All HTML elements in the DOM also implement the HTMLElement interface, which also provides access to the element’s attributes and styling. So when we retrieve an element from the DOM tree, we can modify these.
Let’s tweak the color of the <h1>
element we saved a reference to in the header
variable:
> header.style.color = 'blue';
This will turn the header blue:
All of the CSS properties can be manipulated through the style
property.
In addition, we can access the element’s classList
property, which provides an add()
and remove()
methods that add/remove class names from the element. This way we can define a set of CSS properties for a specific class, and turn that class on and off for an element in the DOM tree, effectively applying all those properties at once.

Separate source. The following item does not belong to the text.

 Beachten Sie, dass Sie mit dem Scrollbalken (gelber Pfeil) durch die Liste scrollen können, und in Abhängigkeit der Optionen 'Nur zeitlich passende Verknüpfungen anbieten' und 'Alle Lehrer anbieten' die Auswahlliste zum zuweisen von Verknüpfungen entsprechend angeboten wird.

We can create new elements with the Document.createElement method. It takes the name of the new tag to create as a string, and an optional options map (a JavaScript object). Let’s create a new <p>
tag. In the console:
> var p = document.createElement('p');
Now let’s give it some text:
> p.textContent = "Tra-la-la";
Up to this point, our new <p>
tag isn’t rendered, because it isn’t part of the DOM tree. But we can use the Node.appendChild method to add it to an existing node in the tree. Let’s add it to the <div.banner>
element. Type this command into the console:
document.querySelector('div.banner').appendChild(p);
As soon as it is appended, it appears on the page:
Note too that the CSS rules already in place are automatically applied!

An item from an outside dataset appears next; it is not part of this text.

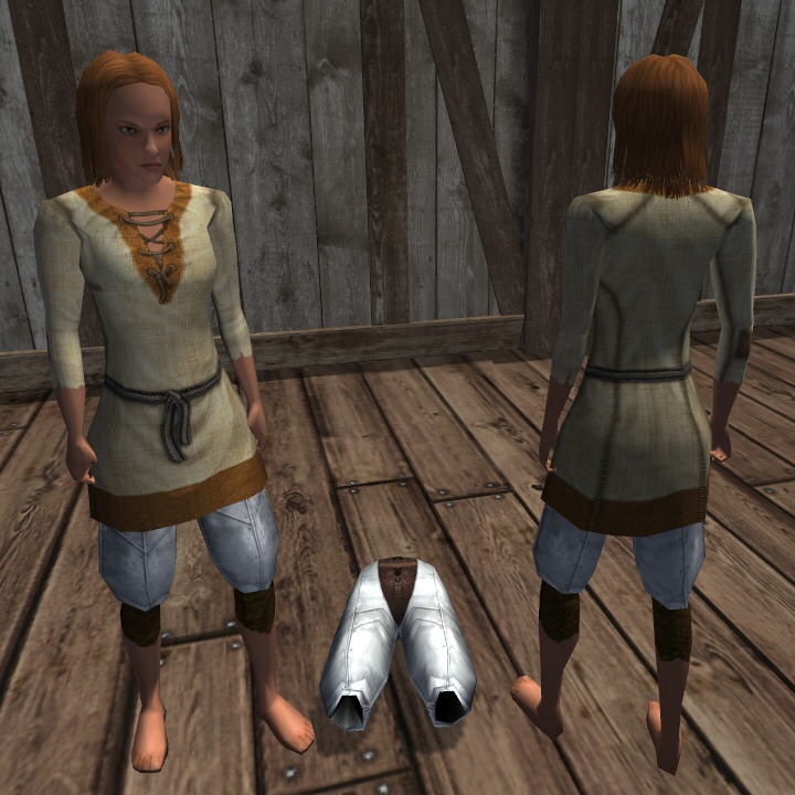 Plate leggings made from steel worn by a female player standing on wooden floor boards in front of a wooden house wall.

The popular JQuery library was created primarily as a tool to make DOM querying and manipulation easier at a time when browsers were not all adopting the w3c standards consistently. It provided a simple interface that worked identically in all commonly used browsers.
The JQuery function (commonly aliased to $()
) operates much like the querySelectorAll()
, taking a CSS selector as an argument and returning a collection of matching elements wrapped in a JQuery helper object. The helper object provided methods to access and alter the attributes, style, events, and content of the element, each returning the updated object allowing for functions to be ‘chained’ into a single expression.
The above example, rewritten in JQuery, might be:
$('p').text('Tra-la-la').appendTo('div.banner');
While modern browsers are much more consistent at supporting standardized JavaScript, JQuery remains a popular library and one you will likely encounter. Thus, while this text focuses on ‘vanilla’ JavaScript, we’ll also occasionally call out JQuery approaches in blocks like this one.
It should be no surprise that JavaScript features events - after all, we’ve already seen how the EventTarget interface allows us to attach event listeners to elements in the DOM tree. What might not be clear yet is how events are handled by JavaScript. JavaScript uses an event loop to process events. This is similar to Windows and other operating systems also handle events.
An event loop expressed in code looks something like:
function main
initialize()
while message != quit
message := get_next_message()
process_message(message)
end while
end function
It’s basically an infinite loop that responds to messages, one message at a time. It might be more useful to see a visual representation:
Here we see not just the event loop, but also the event queue. This is a queue that holds events until the event loop is ready to process them. It works like the first-in-first-out queues you built in your data structures course (although it may also consider priorities of events).
On the far right are some common sources for JavaScript events - user input, the network, and timers. These are often managed by the operating system, and with modern multiple-processor computers can happen concurrently, i.e. at the same time. This is one reason the queue is so important - it allows JavaScript to process the events one at a time.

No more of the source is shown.